Effects of a low-carbohydrate high-fat meal (LCM) versus a high-carbohydrate low-fat meal (HCM) on insulin, glucagon, and somatostatin release in nonobese healthy volunteers and in subjects with mild non-insulin-dependent diabetes mellitus (NIDDM) were compared. The meals were isocaloric. In the LCM, 26% of energy was supplied by carbohydrate, 51% by fat, and 23% by protein, whereas corresponding figures for HCM were 62, 22, and 16%. Hormonal responses were expressed as incremental areas over baseline. In healthy volunteers the HCM had a significantly greater effect on the insulin response than did the LCM. In contrast, in the diabetic group the insulin response to HCM was markedly impaired and was of the same magnitude as that to LCM. Glucagon release was significantly augmented after LCM in the nondiabetic as well as in the diabetic group, despite a pronounced and concomitant hyperglycemia in the latter. Moreover, HCM tended to stimulate glucagon release but only in the diabetic subjects. LCM and HCM induced a significant and sustained elevation of somatostatin levels in both groups; these responses were not significantly influenced by glucose tolerance or composition of meal. In conclusion, the present study suggests that at least two islet dysfunctions--decreased insulin response and enhanced glucagon release--characterize mild NIDDM. With a high-carbohydrate meal, a severe impairment of insulin secretion and a slight paradoxical glucagon release are observed. With a low-carbohydrate fat-rich meal, beta-cell responsiveness seems to be intact, but alpha-cell secretion is enhanced.

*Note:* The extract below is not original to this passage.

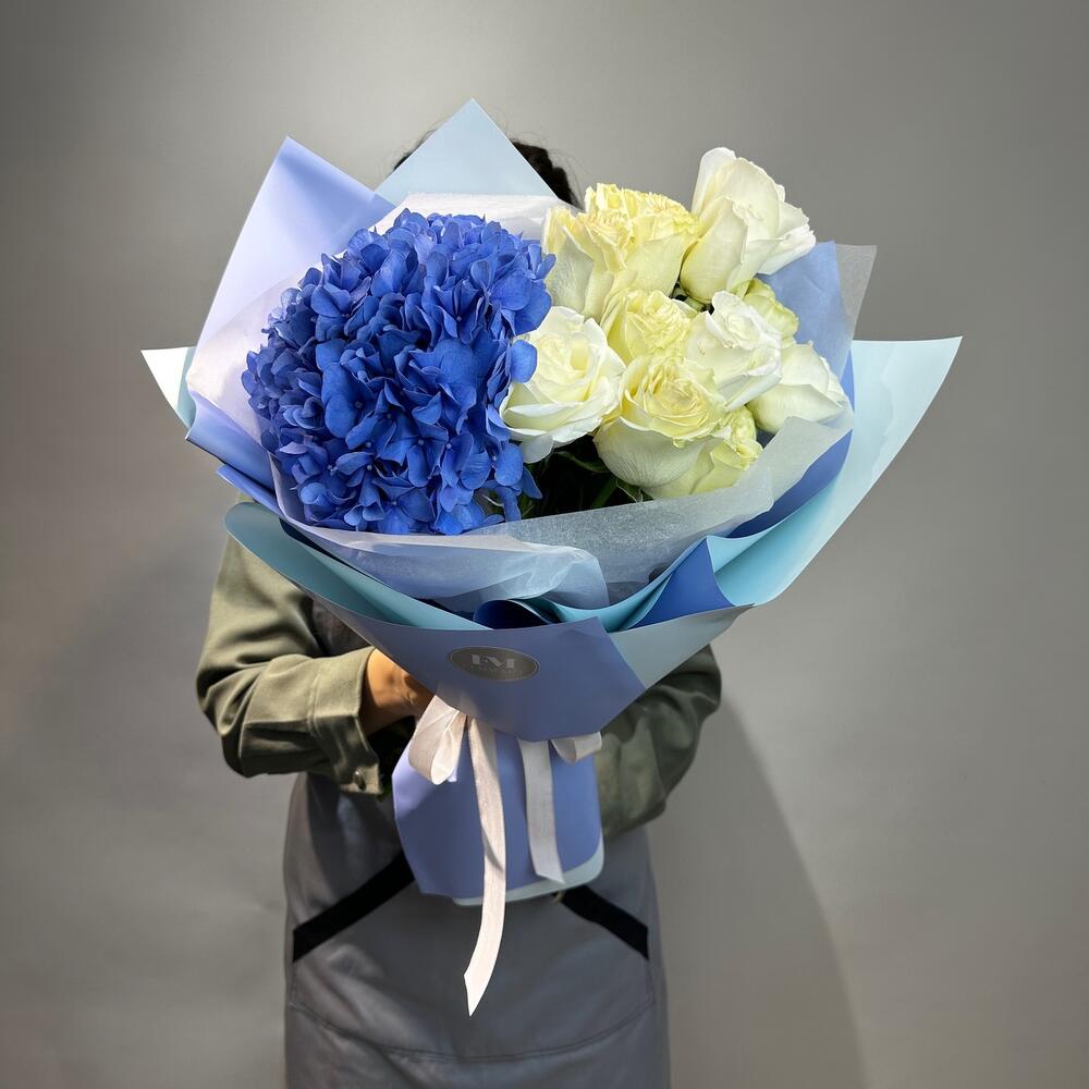 Авторский букет из королевской гортензий и белых роз

比较了低碳水化合物高脂肪餐(LCM)与高碳水化合物低脂肪餐(HCM)对非肥胖健康志愿者和轻度非胰岛素依赖型糖尿病(NIDDM)患者胰岛素、胰高血糖素和生长抑素释放的影响。这些餐食热量相同。在LCM中,26%的能量由碳水化合物提供,51%由脂肪提供,23%由蛋白质提供,而HCM的相应比例分别为62%、22%和16%。激素反应以超过基线的增量面积表示。在健康志愿者中,HCM对胰岛素反应的影响显著大于LCM。相比之下,在糖尿病组中,对HCM的胰岛素反应明显受损,且与对LCM的反应程度相同。在非糖尿病组和糖尿病组中,LCM后胰高血糖素释放均显著增加,尽管糖尿病组同时伴有明显的高血糖。此外,HCM倾向于刺激胰高血糖素释放,但仅在糖尿病患者中。LCM和HCM均使两组生长抑素水平显著且持续升高;这些反应不受葡萄糖耐量或餐食组成的显著影响。总之,本研究表明,至少两种胰岛功能障碍——胰岛素反应降低和胰高血糖素释放增加——是轻度NIDDM的特征。食用高碳水化合物餐时,观察到胰岛素分泌严重受损和轻微的矛盾性胰高血糖素释放。食用低碳水化合物高脂肪餐时,β细胞反应性似乎完好,但α细胞分泌增强。